**Aim of the task**
Find the line with "Romaine lettuce, crunchy" in the records below. Output exactly from there until after the line with "康奈男鞋真皮复古商务休闲经典男士轻质软底爸爸皮鞋公务鞋一脚蹬", without pictures.

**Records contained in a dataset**
= = = =
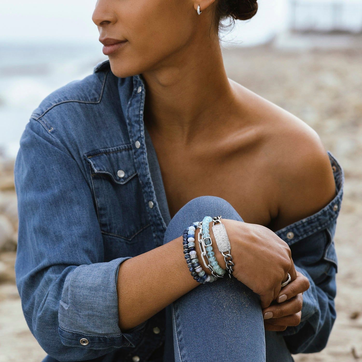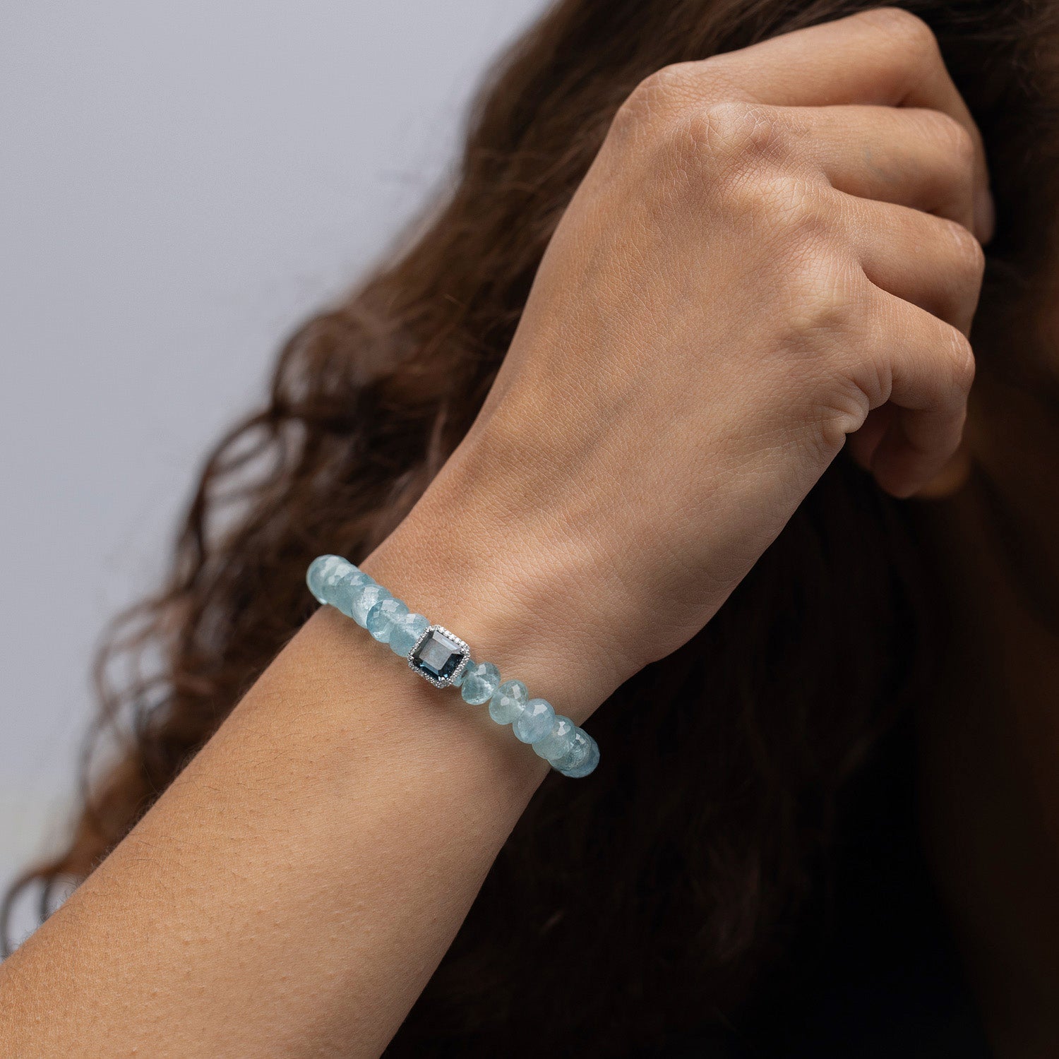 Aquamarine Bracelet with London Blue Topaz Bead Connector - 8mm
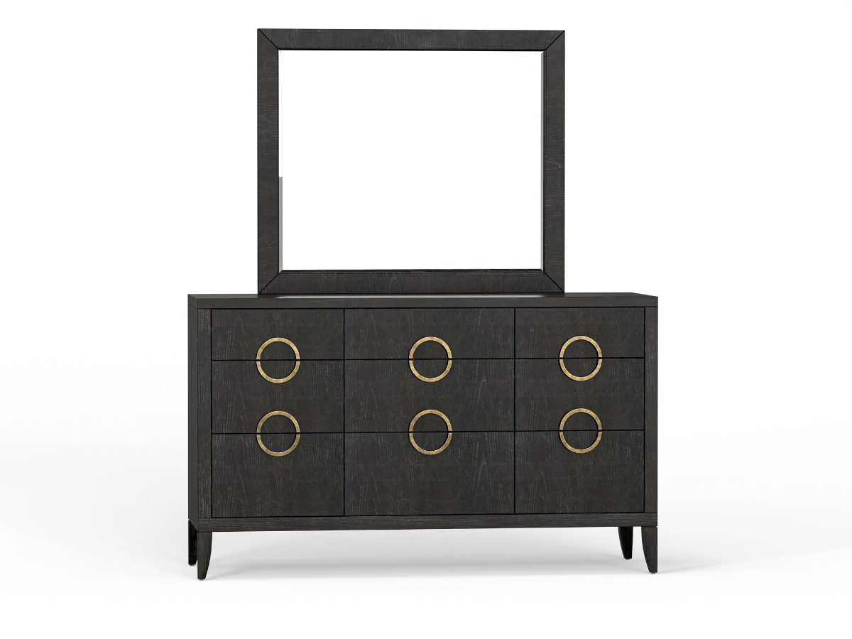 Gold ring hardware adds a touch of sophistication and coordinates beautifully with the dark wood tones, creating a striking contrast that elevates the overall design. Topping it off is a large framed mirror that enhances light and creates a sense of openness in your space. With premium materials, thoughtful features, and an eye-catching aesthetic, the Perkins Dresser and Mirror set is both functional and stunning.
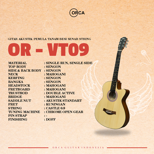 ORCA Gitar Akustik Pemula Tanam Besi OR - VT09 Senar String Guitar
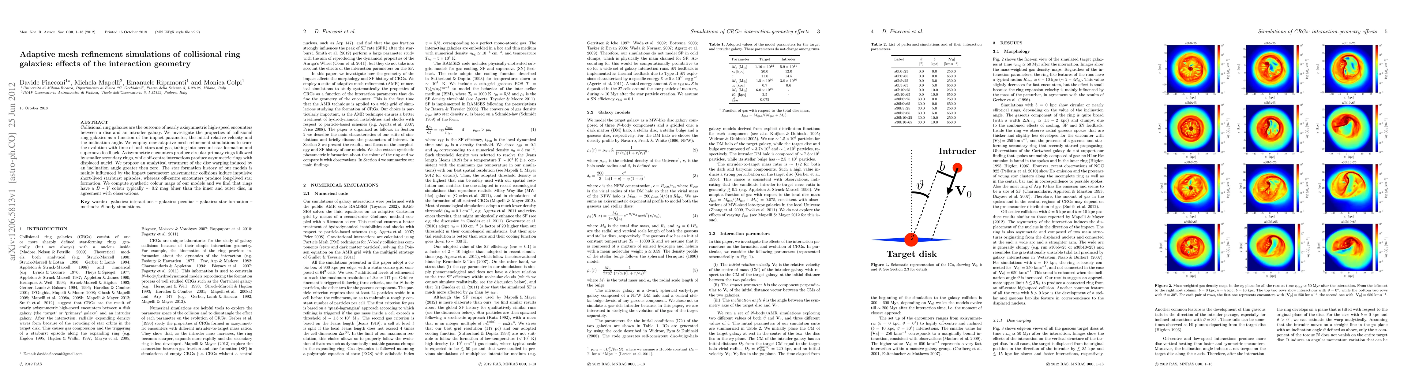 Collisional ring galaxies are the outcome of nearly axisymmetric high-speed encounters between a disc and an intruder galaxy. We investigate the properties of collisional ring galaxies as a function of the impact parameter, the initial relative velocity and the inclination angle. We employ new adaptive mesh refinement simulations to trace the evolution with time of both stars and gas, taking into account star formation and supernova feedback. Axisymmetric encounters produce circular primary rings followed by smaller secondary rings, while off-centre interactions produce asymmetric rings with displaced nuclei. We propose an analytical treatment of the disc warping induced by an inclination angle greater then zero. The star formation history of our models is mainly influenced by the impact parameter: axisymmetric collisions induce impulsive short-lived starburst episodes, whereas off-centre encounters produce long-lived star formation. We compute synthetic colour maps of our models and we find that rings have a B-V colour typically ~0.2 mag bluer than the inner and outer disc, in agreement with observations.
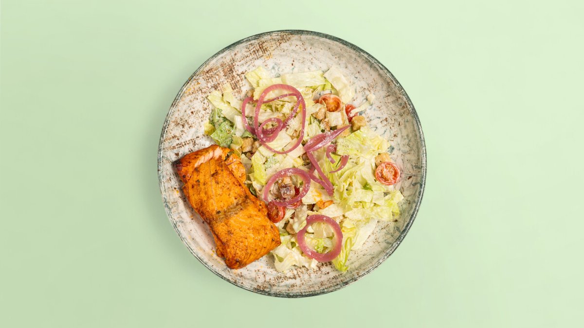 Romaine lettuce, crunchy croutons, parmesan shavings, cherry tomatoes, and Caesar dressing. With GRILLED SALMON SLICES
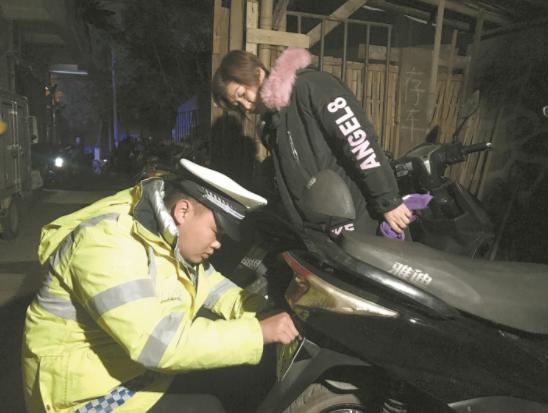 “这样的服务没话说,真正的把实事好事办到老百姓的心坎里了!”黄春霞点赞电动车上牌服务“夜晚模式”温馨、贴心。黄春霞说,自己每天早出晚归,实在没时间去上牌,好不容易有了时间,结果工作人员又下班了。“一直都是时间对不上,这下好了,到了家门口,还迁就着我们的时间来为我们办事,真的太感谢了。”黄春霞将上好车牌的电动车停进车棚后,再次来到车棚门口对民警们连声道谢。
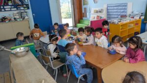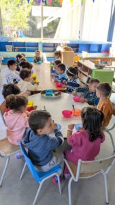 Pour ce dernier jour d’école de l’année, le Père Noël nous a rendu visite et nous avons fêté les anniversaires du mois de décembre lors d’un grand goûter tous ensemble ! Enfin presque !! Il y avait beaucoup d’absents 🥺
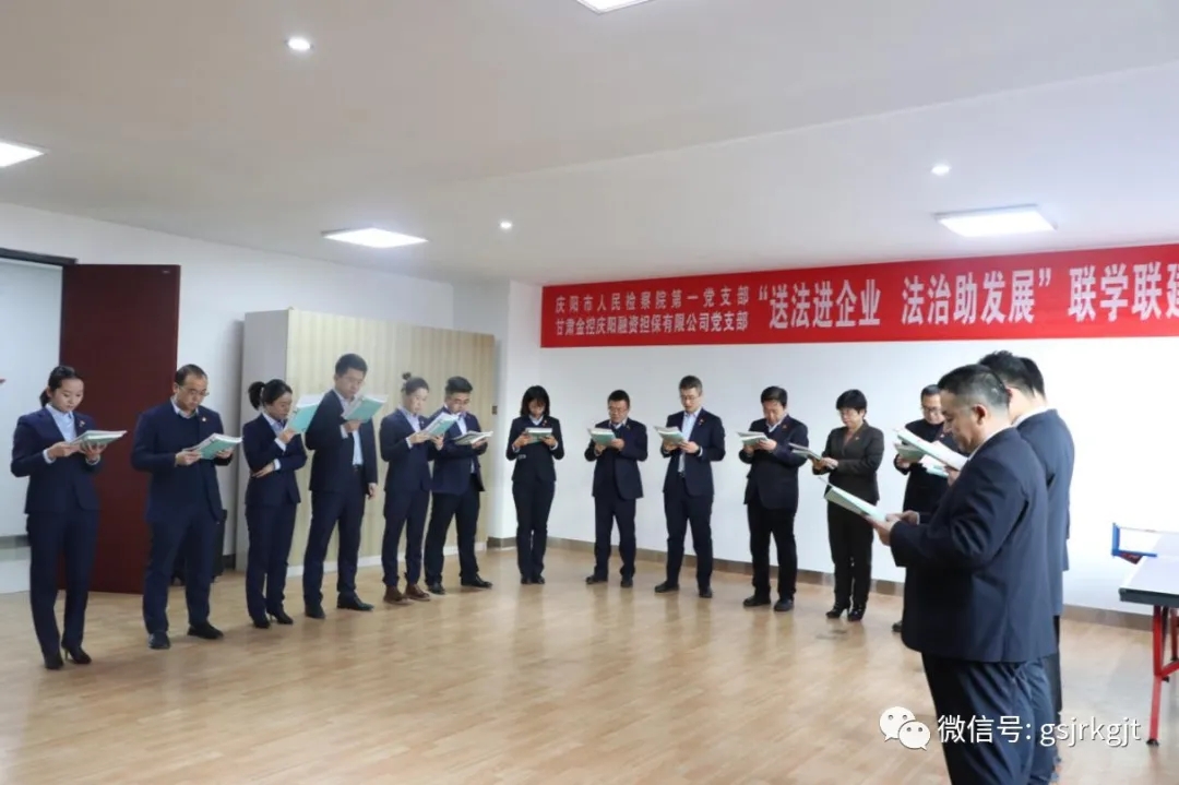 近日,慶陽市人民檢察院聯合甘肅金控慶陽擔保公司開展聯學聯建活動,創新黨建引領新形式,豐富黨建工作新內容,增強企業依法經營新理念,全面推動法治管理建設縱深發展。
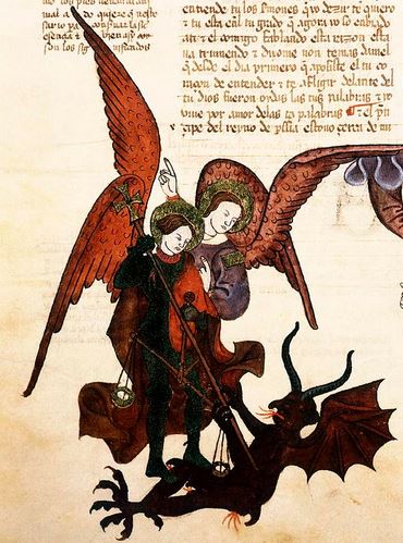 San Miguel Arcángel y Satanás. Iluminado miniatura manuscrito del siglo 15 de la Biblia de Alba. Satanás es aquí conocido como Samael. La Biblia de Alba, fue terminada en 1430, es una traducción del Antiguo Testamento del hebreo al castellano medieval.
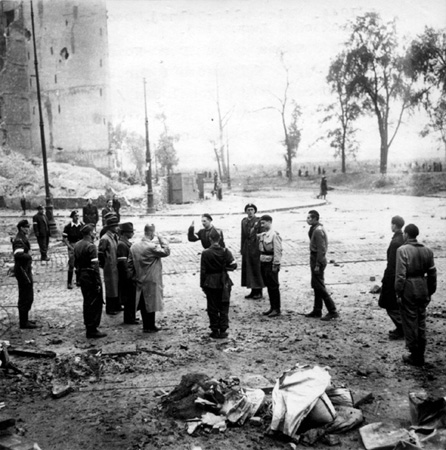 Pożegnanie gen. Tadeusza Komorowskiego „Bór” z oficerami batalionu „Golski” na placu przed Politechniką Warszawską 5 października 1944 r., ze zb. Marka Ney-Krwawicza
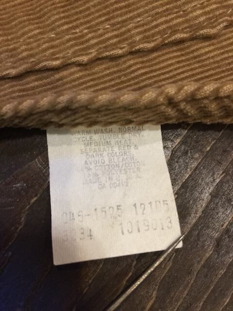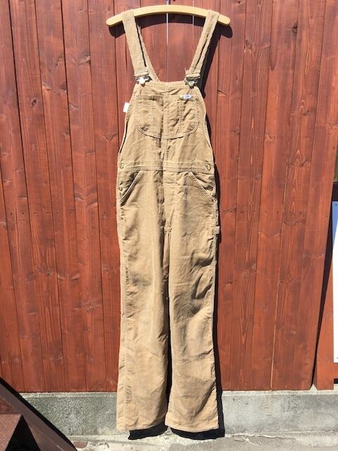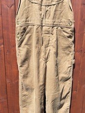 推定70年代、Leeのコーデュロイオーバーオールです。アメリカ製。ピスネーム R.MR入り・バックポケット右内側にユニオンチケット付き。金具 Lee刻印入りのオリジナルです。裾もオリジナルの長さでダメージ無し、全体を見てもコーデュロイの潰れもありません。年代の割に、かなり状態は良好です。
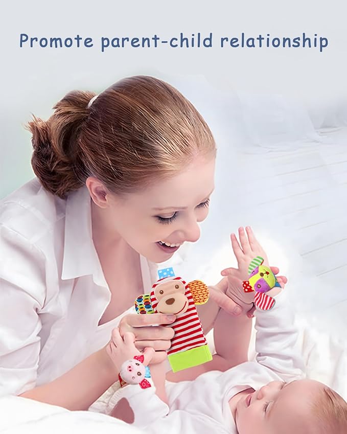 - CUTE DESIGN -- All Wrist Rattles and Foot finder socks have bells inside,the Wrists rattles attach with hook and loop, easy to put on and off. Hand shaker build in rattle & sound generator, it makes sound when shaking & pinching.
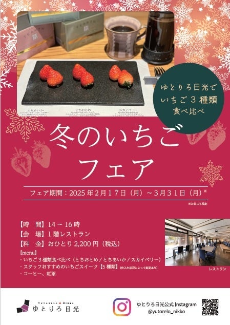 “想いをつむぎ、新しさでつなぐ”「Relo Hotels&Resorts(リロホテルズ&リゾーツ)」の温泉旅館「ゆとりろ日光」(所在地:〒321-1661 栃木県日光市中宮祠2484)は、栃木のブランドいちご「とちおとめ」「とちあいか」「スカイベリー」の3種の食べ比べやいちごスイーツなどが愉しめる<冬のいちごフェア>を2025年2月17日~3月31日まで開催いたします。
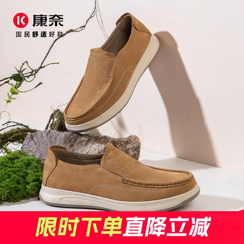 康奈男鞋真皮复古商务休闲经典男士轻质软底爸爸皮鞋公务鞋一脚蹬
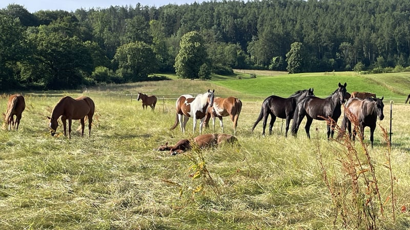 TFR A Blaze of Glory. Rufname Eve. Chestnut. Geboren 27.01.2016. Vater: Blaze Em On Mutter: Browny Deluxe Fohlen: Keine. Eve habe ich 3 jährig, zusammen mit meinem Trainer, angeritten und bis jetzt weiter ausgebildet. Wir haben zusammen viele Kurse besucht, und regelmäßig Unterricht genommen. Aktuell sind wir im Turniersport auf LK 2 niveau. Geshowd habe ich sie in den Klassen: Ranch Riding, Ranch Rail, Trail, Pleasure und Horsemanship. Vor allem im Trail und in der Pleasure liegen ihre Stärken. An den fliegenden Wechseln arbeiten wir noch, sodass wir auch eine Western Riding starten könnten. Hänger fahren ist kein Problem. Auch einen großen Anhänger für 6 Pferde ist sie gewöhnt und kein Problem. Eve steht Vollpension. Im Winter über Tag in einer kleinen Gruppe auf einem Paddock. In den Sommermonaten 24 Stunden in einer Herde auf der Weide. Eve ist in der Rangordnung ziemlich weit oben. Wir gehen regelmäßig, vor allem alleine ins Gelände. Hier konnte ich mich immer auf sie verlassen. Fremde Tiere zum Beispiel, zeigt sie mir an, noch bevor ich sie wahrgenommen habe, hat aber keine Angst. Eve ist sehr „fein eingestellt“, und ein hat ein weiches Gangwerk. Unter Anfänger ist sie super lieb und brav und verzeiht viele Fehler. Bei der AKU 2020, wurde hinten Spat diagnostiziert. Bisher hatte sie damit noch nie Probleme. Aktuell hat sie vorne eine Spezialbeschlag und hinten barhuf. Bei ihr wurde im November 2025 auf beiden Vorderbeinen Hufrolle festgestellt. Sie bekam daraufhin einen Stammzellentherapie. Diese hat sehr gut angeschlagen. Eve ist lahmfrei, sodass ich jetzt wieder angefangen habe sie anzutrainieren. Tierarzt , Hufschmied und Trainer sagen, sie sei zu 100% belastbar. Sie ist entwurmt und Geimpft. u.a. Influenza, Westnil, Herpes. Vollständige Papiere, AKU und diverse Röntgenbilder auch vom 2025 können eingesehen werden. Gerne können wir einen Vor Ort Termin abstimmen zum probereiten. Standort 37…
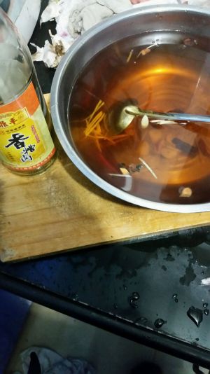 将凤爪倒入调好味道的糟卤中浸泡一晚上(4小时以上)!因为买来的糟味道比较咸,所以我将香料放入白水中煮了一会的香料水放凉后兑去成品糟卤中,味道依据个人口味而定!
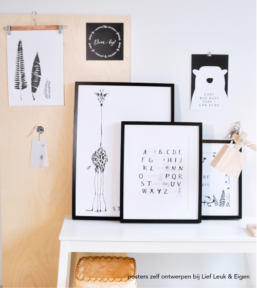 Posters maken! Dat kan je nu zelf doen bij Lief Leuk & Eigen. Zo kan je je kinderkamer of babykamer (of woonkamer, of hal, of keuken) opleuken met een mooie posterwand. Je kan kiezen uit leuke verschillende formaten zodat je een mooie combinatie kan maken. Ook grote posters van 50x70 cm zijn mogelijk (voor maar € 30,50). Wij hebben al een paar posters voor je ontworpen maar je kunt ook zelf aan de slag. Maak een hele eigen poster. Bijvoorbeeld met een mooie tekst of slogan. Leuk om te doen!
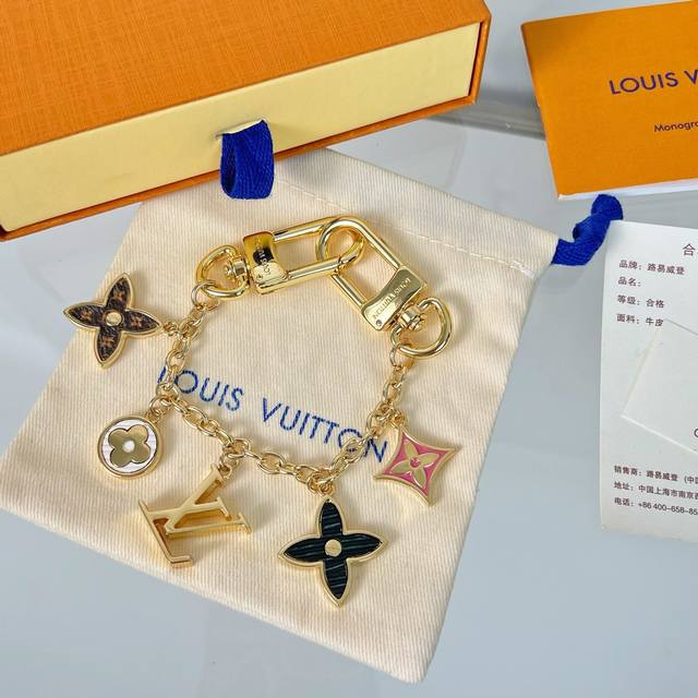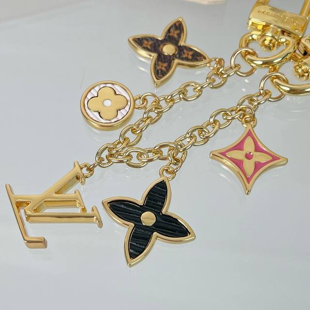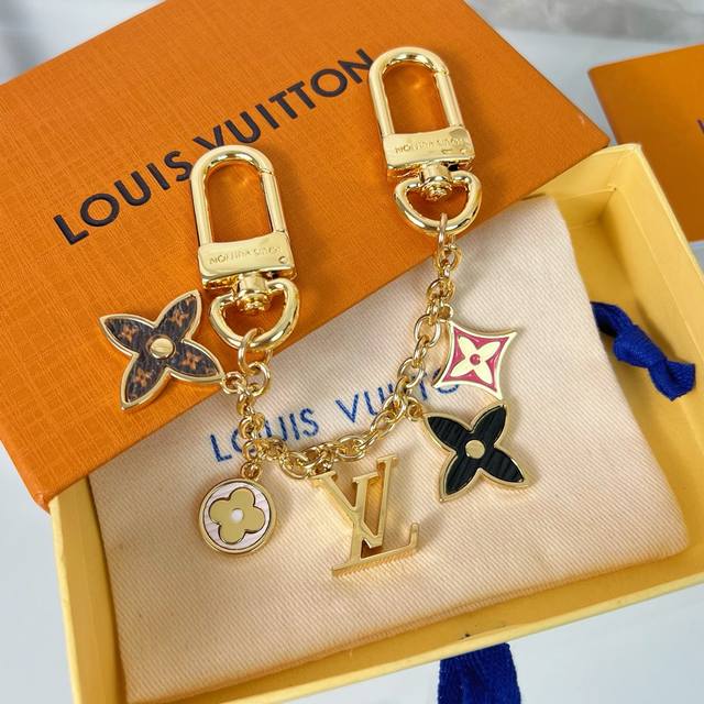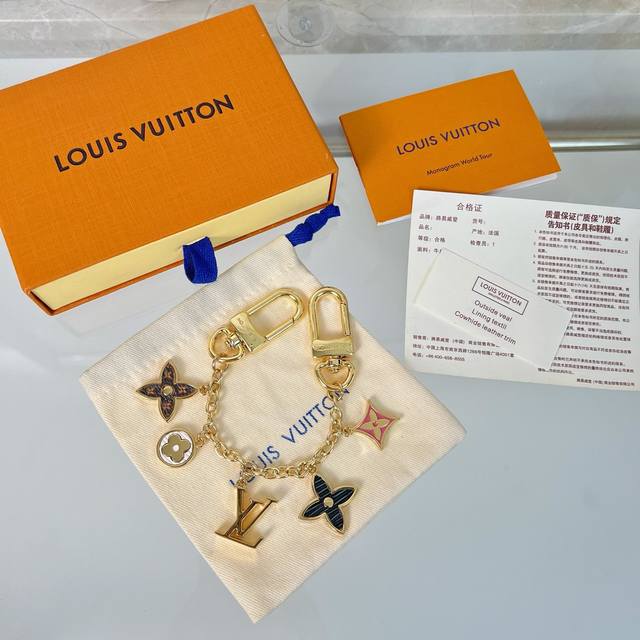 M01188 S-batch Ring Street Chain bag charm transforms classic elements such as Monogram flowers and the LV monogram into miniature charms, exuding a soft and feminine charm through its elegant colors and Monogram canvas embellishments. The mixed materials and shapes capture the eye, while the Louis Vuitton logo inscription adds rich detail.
= = = =
**Written solution**
 Romaine lettuce, crunchy croutons, parmesan shavings, cherry tomatoes, and Caesar dressing. With GRILLED SALMON SLICES
 “这样的服务没话说,真正的把实事好事办到老百姓的心坎里了!”黄春霞点赞电动车上牌服务“夜晚模式”温馨、贴心。黄春霞说,自己每天早出晚归,实在没时间去上牌,好不容易有了时间,结果工作人员又下班了。“一直都是时间对不上,这下好了,到了家门口,还迁就着我们的时间来为我们办事,真的太感谢了。”黄春霞将上好车牌的电动车停进车棚后,再次来到车棚门口对民警们连声道谢。
 Pour ce dernier jour d’école de l’année, le Père Noël nous a rendu visite et nous avons fêté les anniversaires du mois de décembre lors d’un grand goûter tous ensemble ! Enfin presque !! Il y avait beaucoup d’absents 🥺
 近日,慶陽市人民檢察院聯合甘肅金控慶陽擔保公司開展聯學聯建活動,創新黨建引領新形式,豐富黨建工作新內容,增強企業依法經營新理念,全面推動法治管理建設縱深發展。
 San Miguel Arcángel y Satanás. Iluminado miniatura manuscrito del siglo 15 de la Biblia de Alba. Satanás es aquí conocido como Samael. La Biblia de Alba, fue terminada en 1430, es una traducción del Antiguo Testamento del hebreo al castellano medieval.
 Pożegnanie gen. Tadeusza Komorowskiego „Bór” z oficerami batalionu „Golski” na placu przed Politechniką Warszawską 5 października 1944 r., ze zb. Marka Ney-Krwawicza
 推定70年代、Leeのコーデュロイオーバーオールです。アメリカ製。ピスネーム R.MR入り・バックポケット右内側にユニオンチケット付き。金具 Lee刻印入りのオリジナルです。裾もオリジナルの長さでダメージ無し、全体を見てもコーデュロイの潰れもありません。年代の割に、かなり状態は良好です。
 - CUTE DESIGN -- All Wrist Rattles and Foot finder socks have bells inside,the Wrists rattles attach with hook and loop, easy to put on and off. Hand shaker build in rattle & sound generator, it makes sound when shaking & pinching.
 “想いをつむぎ、新しさでつなぐ”「Relo Hotels&Resorts(リロホテルズ&リゾーツ)」の温泉旅館「ゆとりろ日光」(所在地:〒321-1661 栃木県日光市中宮祠2484)は、栃木のブランドいちご「とちおとめ」「とちあいか」「スカイベリー」の3種の食べ比べやいちごスイーツなどが愉しめる<冬のいちごフェア>を2025年2月17日~3月31日まで開催いたします。
 康奈男鞋真皮复古商务休闲经典男士轻质软底爸爸皮鞋公务鞋一脚蹬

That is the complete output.